Caldwell was born in Hensall, Ontario, Canada, the fifth son (and one of twelve children) of William Thomas Caldwell (1848–1930) and Sarah Alice Chamberlain (1852–1933). He moved to the United States in 1910 and attended Oregon State College, from 1912 to 1913, majoring in mechanical engineering. He formally emigrated from Canada in 1914 and applied for U.S. citizenship in 1915, while working as a farmer in Montana. In the 1920s, according to statements he made later in life, he became interested in aviation and began to study the fundamentals of aerodynamics.
In February 1923, Caldwell filed for a patent on a device he called the "cyclogyro". It consisted of an airplane fuselage with two paddle-wheel like attachments in place of the wings. The wheels were powered by an engine in the fuselage, spun to power the upper portion of the attachments forward – clockwise, as seen looking left from the cockpit. The wheels each featured four high aspect ratio airfoils, which were able to rotate around their horizontal axis in order to change their pitch.
By changing the pitch continually through the entire rotation, the lift of the airfoils could be tuned to produce thrust in any direction. For instance, to lift off vertically the airfoils were pitched to have a positive angle of attack only at the top of their rotation, just generating lift only at that point. In forward flight the angle at the top of the arc would be reduced to make the lift neutral, but they would retain their positive angle even through the forward part of the circle, producing forward thrust. By changing the angle in this fashion, the aircraft could be "lifted" in any direction, with differential thrust between the two "wings" allowing yaw to be applied.
Caldwell formed Gravity Aeroplane Company in Reno, Nevada (Caldwell was living in Santa Monica at the time) and issued stock in 1928. Their company stationery included an illustration showing the cyclogyro, a version with four airfoils per "wing", attached on the fuselage end to a large disk and the outer end to a cross-like support.

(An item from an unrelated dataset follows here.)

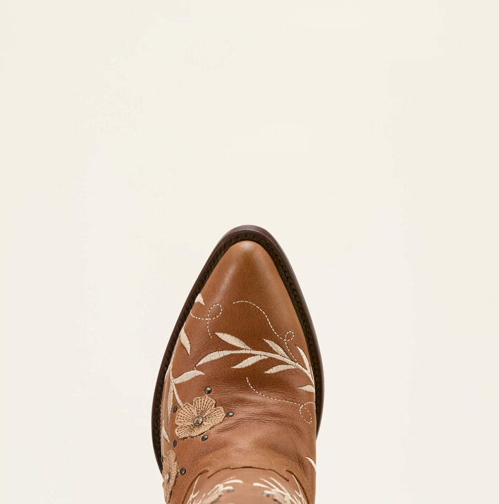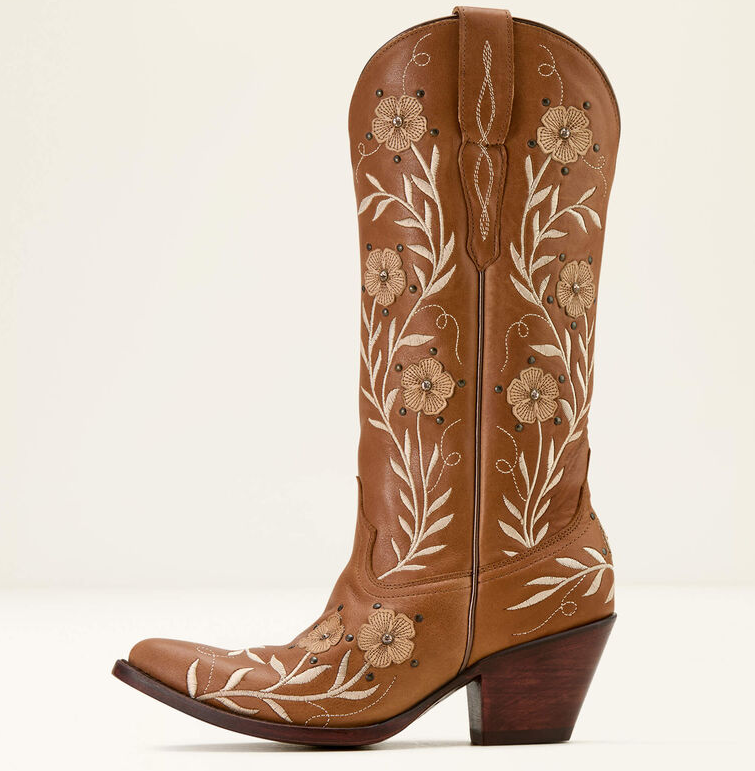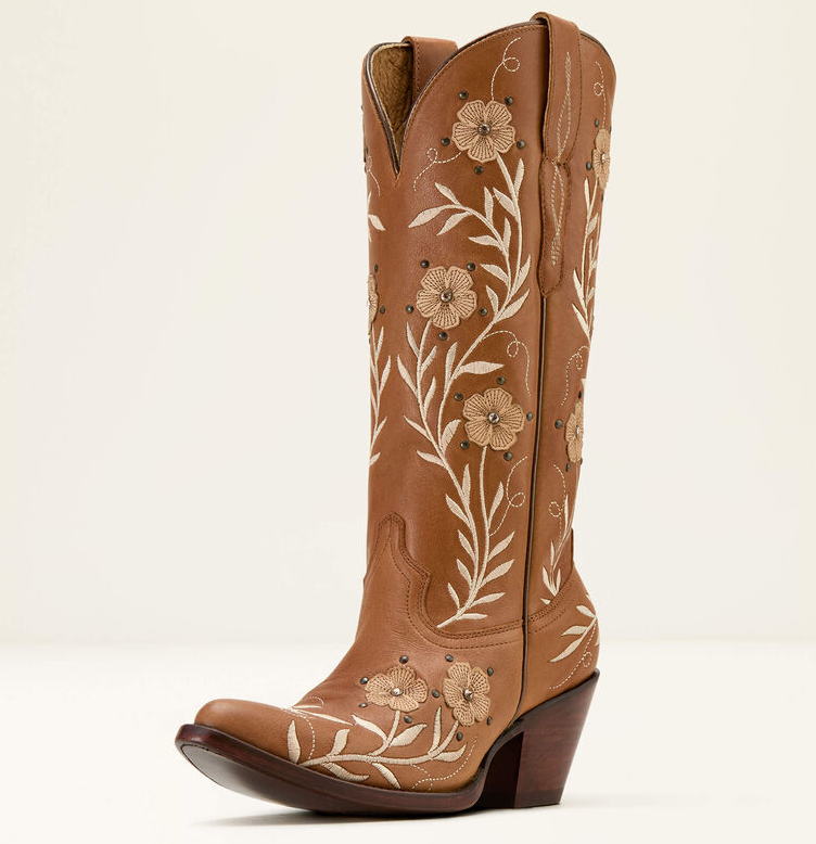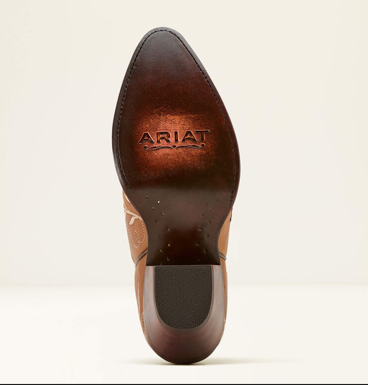 TId til romantik? Ariat Romance er den ultimative dressy western støvle om det er til linedance eller byturen eller endda til jobbet, for den er super at have på. Disse støvler vil få masser af blikfang. Disse støvler er unikke og velegnede til unikke begivenheder, da de har de fineste detaljer man kan ønske sig. Snuden er Ariats J-toe som er spids og rund. Sålen er med Ariats ATS® teknologi som giver ergonomisk støtte og affjedring. Sålen er Goodyear læder konstruktion og kan omsåles hvis de bliver danset tynde. Vegetabilsk behandlet læder, og støvlerne er håndlavet i Mexico. Læder fra inderst til yderst.

Caldwell then turned to an even more bizarre aircraft design, an ornithopter. The wings were equipped with flexible fabric valves which were supposed to open on the upstroke and close on the downstroke, allowing it to generate lift with no forward motion and thus provide VTOL service, like the cyclogyro.
Caldwell, now living in Denver filed a patent on his new design in December 1927, which was finally granted as US1730758 in October 1929. In early 1928 he started another company in Nevada to raise funds to develop it, Gray Goose Airways, inc., issuing 10,000 shares of stock at ten cents per share, retaining a 51 percent interest. The funds were used to develop a human-powered prototype.
By 1931 there was still no working prototype, and Caldwell moved to Orangeburg, New York, and later to Madison, New Jersey. A January 14, 1932 newsreel film shows the ornithopter being readied for a test. This was apparently attempted without success, by the otherwise unknown Emile Harrier. Additional funds were then raised by another stock issue in order to build a full-sized prototype at Teterboro Airport. He also apparently restarted his cyclogyro work, and an article appeared in one of the Popular Mechanics-like magazines showing the design equipped with a V-8 engine mounted in an odd twin-fuselage with the pilot and passengers below.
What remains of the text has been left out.